What novel methodological approaches are being developed for studying TMEM120B function?

Innovative methodological approaches are expanding our understanding of TMEM120B function:

• Advanced protein interaction mapping:

  • Proximity labeling techniques (BioID, APEX) coupled with mass spectrometry analysis provide spatial context for TMEM120B interactions in living cells.

  • Cross-linking mass spectrometry (XL-MS) can identify direct binding interfaces between TMEM120B and partners like MYH9.

  • Implementation: Fusion of TMEM120B with promiscuous biotin ligases allows for biotinylation of proximal proteins in their native cellular environment, followed by streptavidin pulldown and mass spectrometry identification.

• Live imaging of TMEM120B dynamics:

  • CRISPR-Cas9 genome editing to tag endogenous TMEM120B with fluorescent proteins enables real-time visualization of its localization and trafficking.

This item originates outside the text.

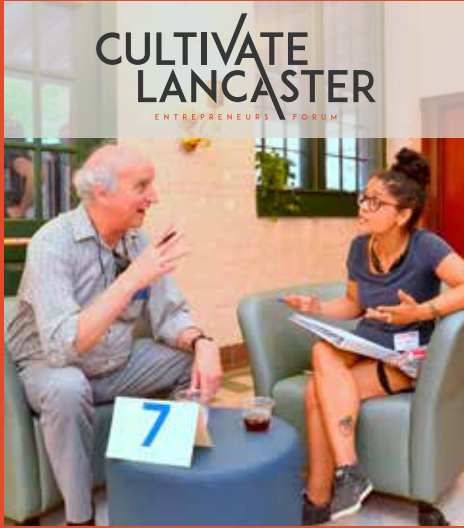
A SCORE mentor with a participant at the Cultivate Lancaster event. SCORE is also a member of the Lancaster Entrepreneurial Coalition.

Building on the success of the Cultivate Lancaster Entrepreneurs Forum, Lancaster City Alliance, in partnership with ASSETS, created the Lancaster Entrepreneurship Coalition in an effort to bring together non-profit, for-profit and government entities that specifically cater to entrepreneurs in start-up and micro-businesses.

  • Fluorescence resonance energy transfer (FRET) or bimolecular fluorescence complementation (BiFC) assays provide spatial and temporal information about TMEM120B-MYH9 interactions.

  • Implementation: Dual-color live imaging of fluorescently tagged TMEM120B and focal adhesion markers can reveal dynamic association during cell migration and invasion processes.

• Single-cell analysis approaches:

  • Single-cell RNA sequencing combined with TMEM120B expression profiling can reveal heterogeneity within tumor populations.

  • Mass cytometry (CyTOF) with TMEM120B antibodies allows simultaneous measurement of multiple proteins at the single-cell level.

  • Implementation: Correlation of TMEM120B levels with stemness markers at the single-cell level can identify specific subpopulations driving chemoresistance and tumor progression.

• Structural biology studies:

  • Cryo-electron microscopy of TMEM120B-containing complexes can elucidate the three-dimensional organization of interaction networks.

  • Hydrogen-deuterium exchange mass spectrometry (HDX-MS) can map conformational changes upon binding partner interactions.

  • Implementation: Structural insights can guide the development of peptide inhibitors or small molecules targeting the TMEM120B-MYH9 interface.

• In vivo functional validation:

  • Conditional knockout mouse models specific for TMEM120B in mammary tissue can reveal its role in tumor initiation and progression.

  • Patient-derived xenograft (PDX) models with TMEM120B manipulation allow testing of its role in tumor growth and drug response in physiologically relevant conditions.

  • Implementation: Treatment of TMEM120B-overexpressing and control xenografts with docetaxel or doxorubicin can validate its role in chemotherapy resistance in vivo.